Indexes
This page provides an explanation of each of the indexes Datomic maintains.
Datomic maintains four indexes that contain ordered sets of datoms. Each of these indexes is named based on the sort order used. E, A, and V are always sorted in ascending order, while T is always in descending order:
EAVT
The EAVT index provides efficient access to everything about a given entity. Conceptually this is very similar to row access style in a SQL database, except that entities can possess arbitrary attributes rather than being limited to a predefined set of columns.
The example below shows all the facts about entity 42 grouped together:
EAVT is also useful in master or detail lookups, since the references to detail entities are just ordinary values alongside the scalar attributes of the master entity. Datomic assigns entity ids so that when master and detail records are created in the same transaction, they are colocated in EAVT.
AEVT
The AEVT index provides efficient access to all values for a given attribute, comparable to the traditional column access style. In the table below, notice how all :release/name attributes are grouped together. This allows Datomic to efficiently query for all values of the :release/name attribute, because they reside next to one another in this index.
AVET
The AVET index provides efficient access to particular combinations of attribute and value. The example below shows a portion of the AVET index allowing lookup by :release/names.

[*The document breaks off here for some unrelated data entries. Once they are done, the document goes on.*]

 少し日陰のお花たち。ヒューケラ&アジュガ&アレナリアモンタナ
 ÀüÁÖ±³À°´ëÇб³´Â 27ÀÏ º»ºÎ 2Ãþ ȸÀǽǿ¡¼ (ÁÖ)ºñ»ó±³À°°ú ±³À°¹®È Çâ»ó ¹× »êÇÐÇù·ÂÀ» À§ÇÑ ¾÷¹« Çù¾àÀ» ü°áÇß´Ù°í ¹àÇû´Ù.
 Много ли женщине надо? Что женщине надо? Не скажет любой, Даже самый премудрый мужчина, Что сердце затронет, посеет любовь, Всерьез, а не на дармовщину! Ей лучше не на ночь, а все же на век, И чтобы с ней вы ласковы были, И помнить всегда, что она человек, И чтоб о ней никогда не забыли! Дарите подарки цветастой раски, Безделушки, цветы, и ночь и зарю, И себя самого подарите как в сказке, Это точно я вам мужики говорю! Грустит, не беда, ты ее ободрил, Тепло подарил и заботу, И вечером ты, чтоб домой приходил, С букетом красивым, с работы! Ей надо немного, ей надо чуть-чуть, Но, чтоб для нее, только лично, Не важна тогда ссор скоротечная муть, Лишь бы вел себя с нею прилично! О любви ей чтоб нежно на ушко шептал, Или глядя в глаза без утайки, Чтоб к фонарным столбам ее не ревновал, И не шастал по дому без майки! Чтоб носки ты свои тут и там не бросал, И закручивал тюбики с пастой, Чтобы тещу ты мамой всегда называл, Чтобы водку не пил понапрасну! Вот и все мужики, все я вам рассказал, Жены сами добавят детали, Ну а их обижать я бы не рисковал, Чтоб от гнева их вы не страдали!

The AVET index is more expensive to maintain than other indexes, and as such it is the only index that is not enabled by default for Pro. To maintain AVET for an attribute, specify :db/index true (or some value for :db/unique) when installing or altering the attribute.
All attributes are maintained in the AVET index for Cloud.
VAET
The VAET index contains only datoms whose attribute has a :db/valueType of :db.type/ref. This is also known as the reverse index since it allows efficient navigation of relationships in reverse. Assuming that The Beatles are entity 100, the following table shows how their releases would be grouped together in this index:
Implementation
Accumulate Only
Datomic is accumulate-only. Information accumulates over time, and change is represented by accumulating the new, not by modifying or removing the old. For example, "removing" occurs not by taking something away, but by adding a new retraction.

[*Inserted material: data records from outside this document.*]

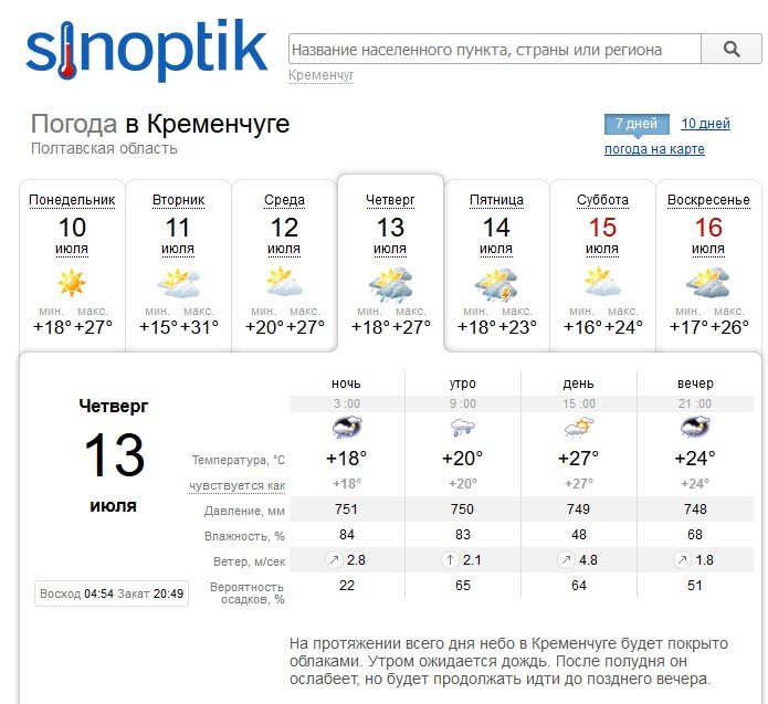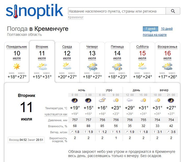 На Sinoptik обіцяють, що ясним небо над Кременчуком буде лише сьогодні, 10 липня, а усі інші дні сонце ховатиметься за хмарами.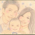 3 13 こちらもプレゼント企画で描かせていただいた似顔絵😊✨ 赤ちゃんの笑顔が本当に天使のようで、パパママも美男美女😍 ご参加ありがとうございました🙏✨ #似顔絵 #水彩イラスト 19/09/22 16:13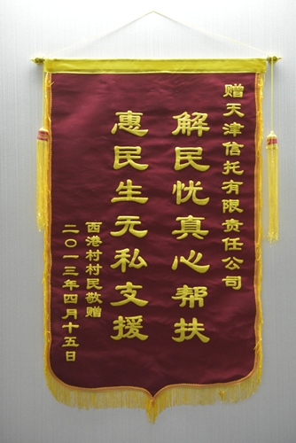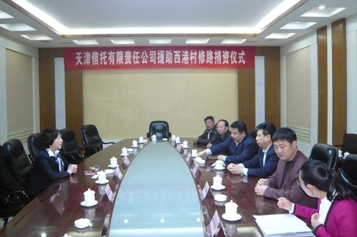 天津信托有限責(zé)任公司響應(yīng)市文明辦號(hào)召,與靜??h西港村開(kāi)展精神文明“雙百共建”活動(dòng),公司出資30萬(wàn)元援助西港村村街建設(shè)。為了真正給西港村提供實(shí)實(shí)在在的幫助,公司與村黨支部多次溝通了解需求,并進(jìn)行實(shí)地考察確定援助項(xiàng)目,為保證做到資金??顚S?,靜??h委宣傳部、沿莊鎮(zhèn)黨委、西港村和公司四方簽訂項(xiàng)目實(shí)施方案,明確工程招標(biāo)、施工監(jiān)督、資金保障等四方的權(quán)利和義務(wù),保證了資金及時(shí)到位和專款專用。圖為援助項(xiàng)目實(shí)施方案簽字儀式和西港村村民代表送的錦旗。

At the implementation level, this means that index and log segments are immutable, and can be consumed directly without coordination by any processes in a Datomic system. This is the reason that Datomic processes are called peers - all processes have equivalent access to the information in the system. In addition, because the indexes are immutable, they can be efficiently cached in application processes.

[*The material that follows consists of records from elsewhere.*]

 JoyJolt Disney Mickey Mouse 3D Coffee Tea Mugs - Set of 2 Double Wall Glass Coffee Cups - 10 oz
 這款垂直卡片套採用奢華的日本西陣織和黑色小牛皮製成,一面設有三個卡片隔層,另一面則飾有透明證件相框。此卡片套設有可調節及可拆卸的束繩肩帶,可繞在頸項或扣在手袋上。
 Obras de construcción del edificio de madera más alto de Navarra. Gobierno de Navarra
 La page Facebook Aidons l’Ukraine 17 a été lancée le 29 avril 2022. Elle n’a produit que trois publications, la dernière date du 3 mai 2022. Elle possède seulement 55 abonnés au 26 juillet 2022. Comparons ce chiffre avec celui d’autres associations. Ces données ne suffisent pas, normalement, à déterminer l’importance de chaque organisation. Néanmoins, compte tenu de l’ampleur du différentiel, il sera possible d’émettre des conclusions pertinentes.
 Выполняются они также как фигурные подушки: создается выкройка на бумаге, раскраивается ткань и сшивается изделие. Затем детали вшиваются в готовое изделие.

Note that accumulate-only is a semantic property, and is not the same as append-only, which is a structural property describing how data is written. Datomic is not an append-only system, and does not have the performance characteristics associated with append-only systems.
Efficient Accumulation
The Datomic API presents indexes to consumers as sorted sets of datoms or of transactions. However, Datomic is designed for efficient writing at transaction time, and for use with data sets much larger than can fit in memory. To meet these objectives, Datomic:
- Stores indexes as shallow trees of segments, where each segment typically contains thousands of datoms.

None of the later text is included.